Now, let’s write a Python function for handling the loading and preprocessing of an image:

# image loading and preprocessing
def load_and_preprocess_image(image_path):
    image = Image.open(image_path).convert("RGB")
    processor = CLIPProcessor.from_pretrained("openai/clip-vit-base-patch32")
    inputs = processor(images=image, return_tensors="pt")
    return inputs, processor

This function opens the image using PIL, converts it to RGB format (important for consistency), and then uses the CLIPProcessor to transform the image into a format suitable for the CLIP model. The processor handles resizing, normalization, and other necessary transformations. The output will be a PyTorch tensor ready for CLIP.

Generating Image Embeddings

Now, we will write a function to generate image embeddings using CLIP. CLIP is a multi-modal model which leverages the power of LLMs, which can understand the content of images and match them to their relevant textual descriptions. Let’s write the function to generate image embeddings:

# image understanding with CLIP
def generate_image_embeddings(inputs):
    model = CLIPModel.from_pretrained("openai/clip-vit-base-patch32")
    with torch.no_grad():
        image_features = model.get_image_features(**inputs)

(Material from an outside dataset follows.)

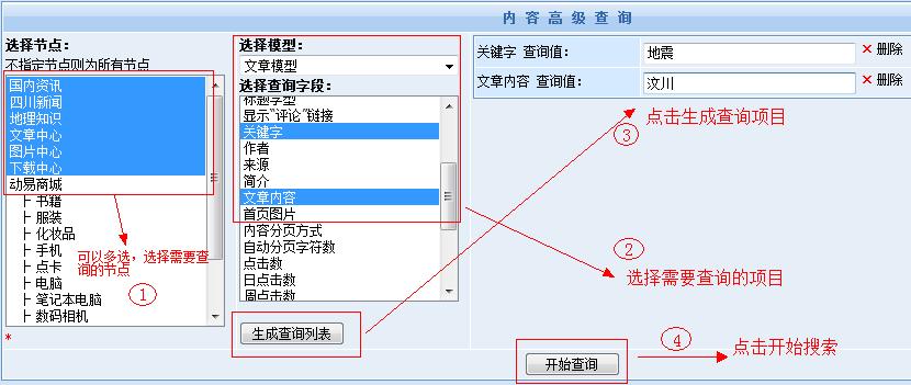 第三步:選擇模型后系統(tǒng)會(huì)自動(dòng)列出該模型下所有的字段,包括自定義字段。選擇我們需要查詢(xún)的項(xiàng)目,這里選擇“關(guān)鍵字”和“文章內(nèi)容”進(jìn)行搜索,并填寫(xiě)好查詢(xún)的內(nèi)容。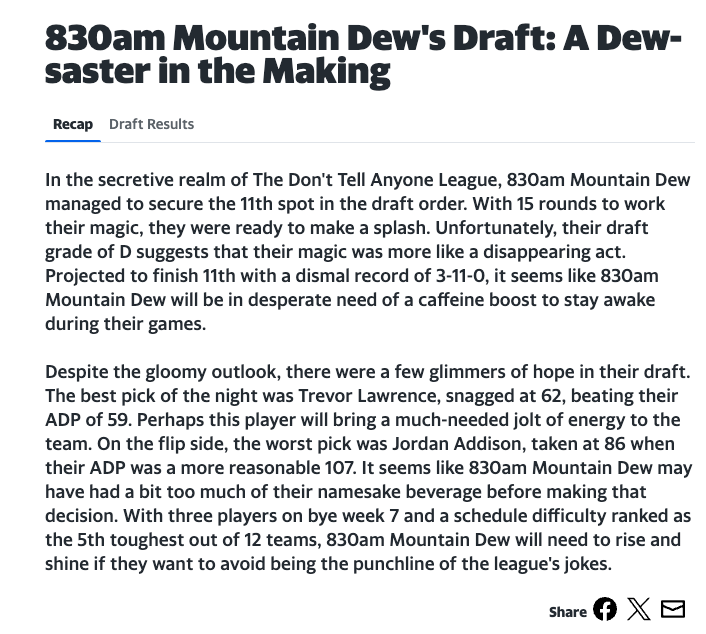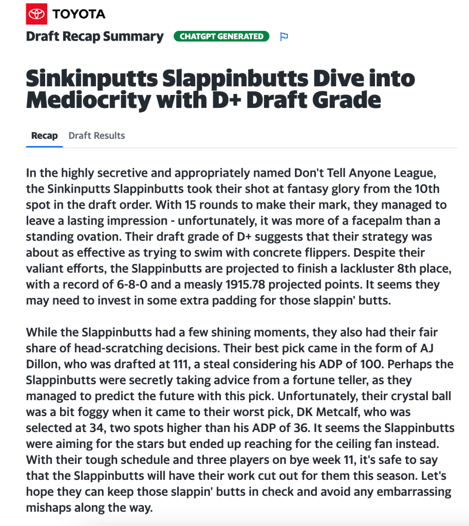 I recently had a different fantasy football draft with friends from work using Yahoo as our preferred website. After the draft, I was poking around the website and found a draft summary for each team. Not only was this provided for my team along with rankings, but every team was given a draft recap based on Yahoo’s opinion on how their draft went. I’ve included a couple screenshots of different team recaps below. As you will notice, it does get somewhat repetitive with the analysis. On the plus side, it seems very natural to have a recap for each fantasy team post-draft and all of the points did make sense with no glaring errors. This is the integration into pre-existing products we have been looking for. Rather than being a stand-alone product that hadn’t existed before, this GPT integration displays a nice add-on piece to an incumbent in the fantasy football platform industry (if you can call it that). No human analyst can spend the time making millions of unique summaries about teams in such a short period of time. Even if there were enough resources lined up to make this possible, it simply doesn’t contribute much more than an “oh that’s pretty neat” reaction to a summary that is read at most 1 time ever. Currently the most practical use cases seem to be ones we wouldn’t even expect to be powered by GPT in the first place.

    return image_features, model

This function loads the pre-trained CLIP model. The crucial step here is model.get_image_features(**inputs), which passes the preprocessed image tensor to the CLIP model and extracts a high-dimensional feature vector representing the image’s visual content. torch.no_grad() is used to prevent gradient calculations during inference, saving memory and speeding up the process.

Matching Image with Text Embeddings

Now, we will write a function to match captions:

# caption matching (using CLIP text embeddings)
def match_captions(image_features, captions, clip_model, processor):
    # 1. get text embeddings for the captions:
    text_inputs = processor(text=captions, return_tensors="pt", padding=True)
    with torch.no_grad():
        text_features = clip_model.get_text_features(**text_inputs)

    # 2. calculate cosine similarity between image and text features:
    image_features = image_features.detach().cpu().numpy()
    text_features = text_features.detach().cpu().numpy()

    similarities = cosine_similarity(image_features, text_features)

    # 3. find the best matching captions:
    best_indices = similarities.argsort(axis=1)[0][::-1]  
    best_captions = [captions[i] for i in best_indices]

    return best_captions, similarities[0][best_indices].tolist()

This function takes the image features and a list of candidate captions as input. It processes the captions using the same CLIPProcessor (now for text) to get text embeddings. It then calculates the cosine similarity between the image embedding and each text embedding. Cosine similarity measures the angle between two vectors; a value closer to 1 indicates higher similarity. The function will return the captions ranked by similarity and their corresponding similarity scores.

Now, let’s write the driver function:

# main function
def image_captioning(image_path, candidate_captions):  
    inputs, processor = load_and_preprocess_image(image_path)
    image_features, clip_model = generate_image_embeddings(inputs)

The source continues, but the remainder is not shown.